Через пятнадцать минут у меня чекаут. Пустой мини-бар, пустой кошелек, пустая дебетовая карта, в сумке – один евро. Заканчиваю макияж, телефон делает «пи-пи»: бывший муж прислал алименты на карточку (нет, у нас нет детей, просто маленький кусочек моего сетевого бизнеса не подлежит разделу). И ровно в 13:00 спускаюсь на ресепшен, а затем возвращаюсь в Барселону.
Двадцать второго января в Барселоне из помятого неба капает дождь.
Время подводить итоги пришло вместе с водой, льющейся с небес. Малиново-синие тучи распростерлись над пляжем, Диагональю и Саграда. Крупные холодные капли падают на мои волосы, принося долгожданное успокоение. Сегодня посчитала: если буду двигаться в таком же темпе, то до окончания книги еще два года и два с половиной месяца.
Дом Мила по-прежнему стоял на своем месте, но мой мир поразил бутик Jimmy Choo с его розовым замшевым чудом. Представила эти босоножки на своих загорелых ногах. А будут ли у меня насколько дорогие вещи?
У меня в детстве была маленькая картонная девочка.

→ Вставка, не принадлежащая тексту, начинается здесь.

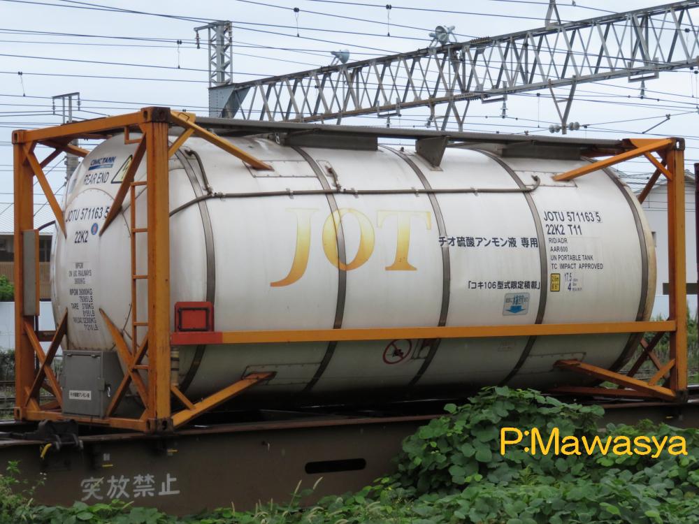 チオ硫酸アンモン液専用の17.5kLコンテナです。積載注意書きが「コキ106型式限定積載」と「」書きであるのが面白い。
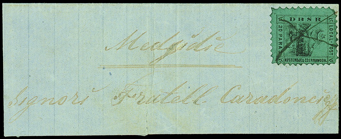 1867 20p. black on deep green, just tied by pen cross on part undated entire addressed to Medjidie, small faults but extremely rare. Ferchenbauer Certificate (1983). Also 1867 stampless entire from Galatz to Genoa. Photo for first

Кукла носила разноцветные одежки и обувь из бумаги. Они крепились к ней бумажными полосками, растущими из маечек и юбочек. С помощью нехитрых инструментов во главе с карандашами я делала свои первые шаги в предпочтении форм и оттенков. И сейчас мое воображение прикрепляло к виртуальному образу все новые и новые бумажные одежки.
Dolce & Gabbana, Gucci, Valentino… Чувственная строгость зеленого комбинезона волновала. Уникальный цвет напоминал сочность весенней травы, изумруды и что-то еще, не существующее на этой планете. Ткань состояла из плотных силуэтов роз в окружении сетки, не призванной скрывать чье-то безупречное тело.
Новая круизная коллекция Chanel: неповторимый голубой, единственный в своем роде. Он вызывал во мне душевные порывы, которые сродни тем, что испытываю, глядя на картину известного художника. Что-то легкое и нежное щекотало мое сердце, как предчувствие первого свидания, как весеннее солнце, как брызги фонтана на Марсовом поле в Париже, отражающие вспышки камер и небо.
Картонная кукла ожила, едва к ней прикоснулось бледно-лиловое коктейльное платье с поясом из страз. Ажурные рюши казались сладкими и манящими, лиловый граничил с опереньем фламинго или цветами. Это было второе несбыточное свидание, когда от скромности неудержимо тянуло к любимому слову тоже на букву «с» – страсти.
Даже не знаю, что тревожило больше: форма или оттенок. Сразу вспомнился эпизод из фильма «Дьявол носит Prada», когда Андреа хихикает над словами ассистенток: «Выбрать трудно, они совершенно разные», хотя ей эти пояса казались одинаково бирюзовыми и бесполезными штуковинами. «Я еще не разбираюсь в этих тряпках», – говорит Эндрю, после чего ей и всему миру Миранда Присли объясняет, что на самом деле каждый «мешковатый голубой свитер», надетый якобы для подчеркивания своей независимости от моды, когда-то был эксклюзивом, рожденным дизайнерами. Который потом дошел до магазина уцененных товаров, где его и выудили.
В такие минуты приближалась к пониманию и преклонению перед великой кузницей, где создается нечто большее, чем мода. Ведь мода – это всего лишь французское слово, которое означает совокупность вкусов и взглядов господствующих в определенной общественной среде обычно недолгое время.
Через неделю (после глюка в Жироне) мы ели пасту в итальянском ресторане напротив моего дома на via Augusta, удачное расположение, учитывая высоту моих португальских ботильонов. Мы не задавали запрещенных вопросов, а лишь обсуждали приятные для обоих темы сферы обслуживания, учили друг друга новым словам и смаковали подробности прошлых выходных. Только сказала, что скоро уеду и, не дождавшись ответа, перешла к панна-котта и американо. Таким образом измерила температуру воды, нуждаясь в понимании, стоит ли нырять в этот водоем с головой: нырять не стоило, но книга нуждалась в продолжении.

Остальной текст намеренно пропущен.